La evolución del urbanismo y la arquitectura es también la evolución de las clases sociales; por eso hay que fijarse en las señales sobre el mapa: apuntan las líneas del futuro y en ellas el aumento en la desigualdad y la ruptura social ya se nota. No es casual, por ejemplo, que el PP de Madrid quiera abrir en la Puerta del Sol una terraza de copas, a ver si así evita las manifestaciones y acampadas. O que el Congreso de los Diputados lleve varios meses blindado, constantemente rodeado por vallas y rejas que no se sabe si pronto crecerán hasta convertirse en murallas. Su altura es directamente proporcional al descrédito de los políticos en las encuestas.
No es tampoco casual que sea este año, justo este año, cuando el PP decida aparcar la jornada de puertas abiertas usando como excusa unas obras. Tampoco que ese circo se traslade al Senado, más fácil de proteger y poco simbólico. Bastante menos rodeable.
El invento de la jornada de las puertas abiertas debería haber sido cancelado tiempo antes, aunque por otros motivos distintos a los que ahora han llevado a esta decisión. Fue una idea cara y populista de Federico Trillo. Solo la publicidad de este happening costó el año pasado 125.000 euros, y a esta cifra hay que sumar la carpa y el gasto en personal. El precio exacto se desconoce, también estas cuentas son opacas, pero rondará el cuarto de millón de euros.

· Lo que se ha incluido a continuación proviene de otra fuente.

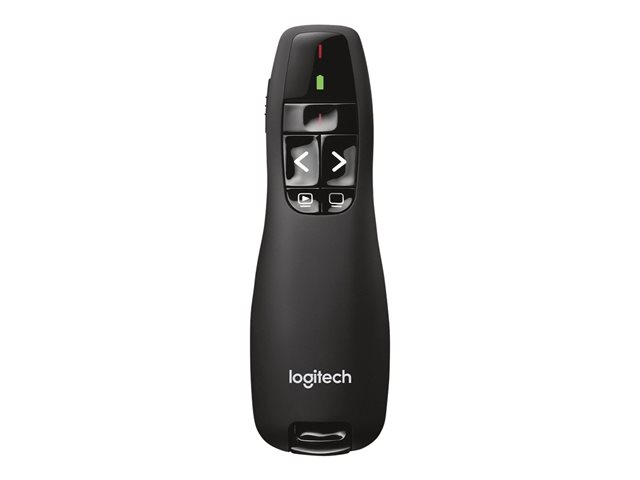 Produktbeskrivning Logitech Wireless Presenter R400 presentationsfjärrkontroll Typ av enhet Presentationsfjärrkontroll Dimensioner (BxDxH) 11.55 cm x 3.78 cm x 2.74 cm Vikt 57 g Anslutningsteknologi Radio Enheter som stöds PC Max arbetsavstånd 15 m Batteri Standardbatteri - AAA-typ alkaliskt Microsoft-certifiering Compatible with Windows 7 Tillverkarens garanti 3 års garanti -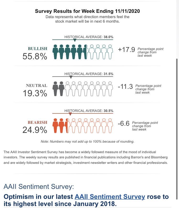 Mun mielestä sentimentti on korkealla, mutta ei ”äärimmäisen härkämäinen”, jos ollaan korkeimmalla tasolla sitten tammikuun 2018 (hyvä huomata että kysely tehtiin juuri kun pfizer kertoi uutiset viime viikolla):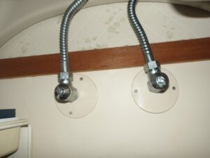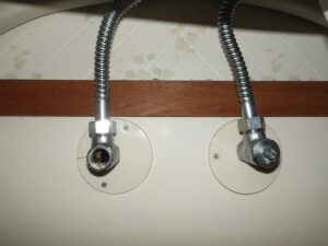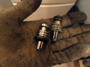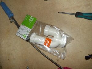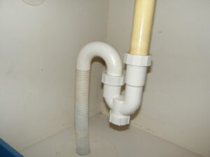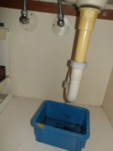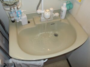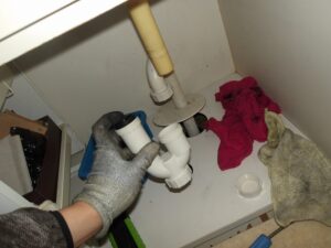 洗面台の排水が流れが悪いとの苦情があり、現場対応しました。現場は築30年超えのマンションですが、排水管に鉄管が使われているため、鉄管にサビが蓄積し、錆の膜が発生していました。この膜を、ドライバーで削り取り、排水経路を確保しました。Sトラップ部からの漏水も見られたため、Sトラップを交換しました。またお湯が出ないとのことで、止水栓を確認したところ、お湯側の止水栓が閉まっていることが確認できました。しかし、長らく回していなかった止水栓を回すと、案の定漏水したため、止水栓のスピンドル、パッキンも交換し、作業完了です。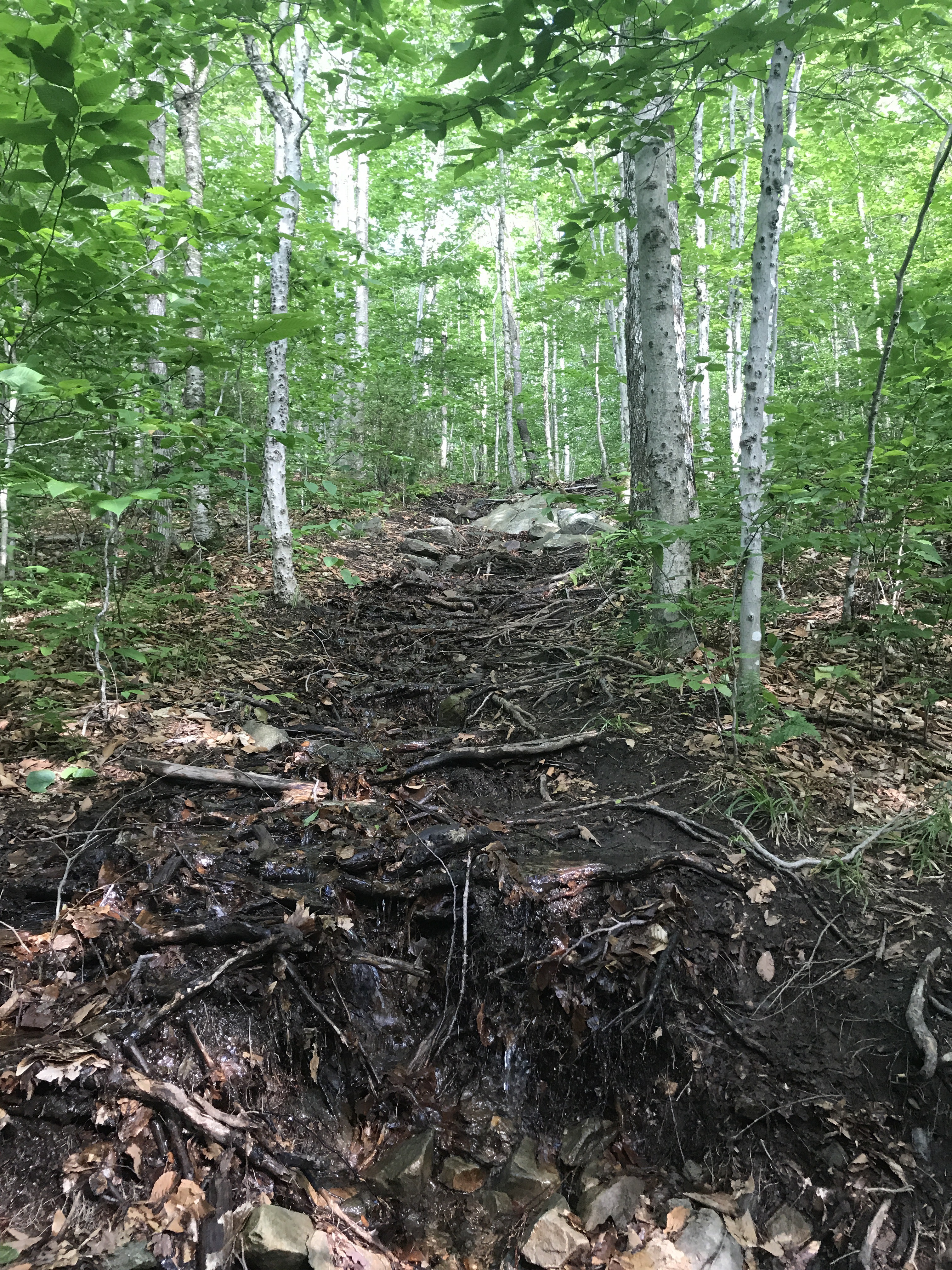The trail had mud with better structural integrity for much of today. However, after the first half mile, it turned into a root filled stream bed for about a half mile. It’s hard to find a balance between trying not to cause erosion while not hurting my feet jumping from rocks and not falling on my ass with the slippery roots. Then there was a beautiful dry section that lasted about half a mile after which I had to walk through a downhill stream where the best I could do was try not to step in actively following water. Sometimes the seemingly solid steps turn out to be ankle soakers, but I poked and prodded the mud with my hiking poles in vain hoping to make good choices.

Yo quiero un Parlamento con las puertas abiertas, pero eso tiene poco que ver con el turismo: con visitar un montón de salas vacías llenas de alfombras y cuadros, con hacer fotos al agujero de bala que dejó Tejero y exclamar “parece más grande por la tele” al entrar al hemiciclo. Quiero un Congreso que muestre sus cuentas, que debata leyes –en vez de convalidar decretos–. Quiero un Parlamento donde sea inadmisible que el presidente se pase un mes sin comparecer porque está de campaña electoral; donde se expliquen las decisiones a los ciudadanos y se escuche su voz; donde los debates importantes –como la subcomisión sobre el rescate a la banca– no sean a puerta cerrada.
Tal vez así, con más transparencia, más participación ciudadana y más democracia, las murallas que hoy crecen alrededor del Congreso no serían necesarias.